The heart of every home

The kitchen is more than just the room in which food is prepared. Glen Calleja talks about Tkecnir – an art project that looks into the Maltese way of life from around the kitchen table.

The project involved a team of international and local artists and started with the filming of 20 interviews of people of all ages seated around the kitchen table answering a set of standard questions about what the kitchen actually means to them. Kitchens involved were commercial, communal and domestic in nature to provide a wider variety more representative of Maltese and Gozitan society. 

“As project co-ordinator I put forward the idea and together with an international group we came up with ways to artistically bring to light the Maltese way of life using the kitchen space as point of reference,” Glen Calleja, who is the cultural contact point at the Office of the Prime Minister, says.

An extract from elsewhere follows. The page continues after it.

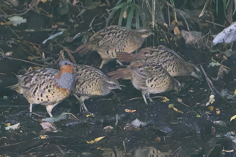 そしてカワセミを撮っていると、その背後に突然コジュケイ一家が通り過ぎました。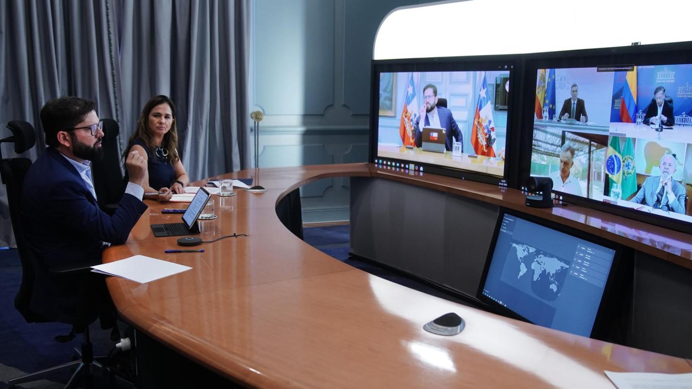 Presidente Boric se reúne con líderes de Brasil, España, Colombia y Uruguay para abordar desinformación en RRSS

A secondary objective to the team was to produce a number of tangible cultural products in diverse media.

“You can tell a lot about a person from visiting their homes. Unfortunately we could only capture visual and audio impressions whilst filming then interviews, however with the book we were able to explore other senses like smells, taste and the general feel you get when you go into someone’s home.”

The project began by filming a series of 20 interviews where candidates answered questions about what the kitchen means to them, who the kitchen reminds them of and memorable stories that took place in the kitchen.

“French anthropologist Elise Billard and myself spent between one and two hours with every interviewee to get just one minute of good film. Whilst we were filming we also had local photographers Gilbert Calleja and Ruben Buhagiar taking still pictures, which we eventually used for the book and a photographic exhibition.

“We wanted to steer the project away from food as much as possible. You do so many other things in the kitchen, children do homework, families meet and talk about the ups and downs of their day, people fight and make up, all around the kitchen table. Unfortunately however the association with food was too strong for some of the interviewees with five or six of them even going as far as preparing us a meal. Food just too obvious an association for an artistic project.

“It is the little idiosyncrasies and what they mean to the people living in those kitchens that interested us. One of our first interviews was with an old lady who was wheelchair bound. The walls of her cluttered kitchen were adorned with holy pictures.

“She felt that the kitchen was her control room to the universe, where she could pray for the people in her life and God would intervene on her behalf. An old woman with little control over her own body had somehow managed to feel like she was in control.”

Calleja describes entering the intimacy of people’s homes as “challenging” but necessary for their research.

“When people get over the initial fear of the camera and begin to open up to you it is very rewarding. One young woman’s mother had passed away six months before our interview and talking about the her kitchen made her remember her mother with fondness, love and a tear or two.”

The interviews act as a dossier of ethnography and they are given an artistic twist. Besides the interviews the group has also launched a book showing photographs and featuring short semi-literary essays based on the stories that came out of the interviews. The interviews have also been reworked into plays transforming the interviews into theatre performances, directed by Italian actor and director Enrico Masseroli, which were held in March. 

“The kitchen inspires memories, for some more so than others. One couple had two jars filled with corks where every cork had its own story. A 1959 Chateau Lafite brings back memories of the night they cracked open the bottle. Another interesting aspect of the interviews turned out to be the input from family members who were hanging around the house. The background activity often provided peculiar insight into local family life.”

Reactions to the project have been encouraging. “We started out looking for people to interview from our immediate networks. Eventually however we started to get requests from people who were interested in being part of the project. It was interesting to see people dressed up to the nines because the camera crew were coming.:

Calleja talks about his one disappointment in the project, which was not being able to get an interview that took place in an unowned kitchen.

“I wanted to do an interview in a kitchen at a showroom, to find out how long it had been there, waiting for someone to come and bring it to life. I was also somewhat surprised. That sort of thing acts as free advertising so I expected kitchen suppliers to be excited about the project.”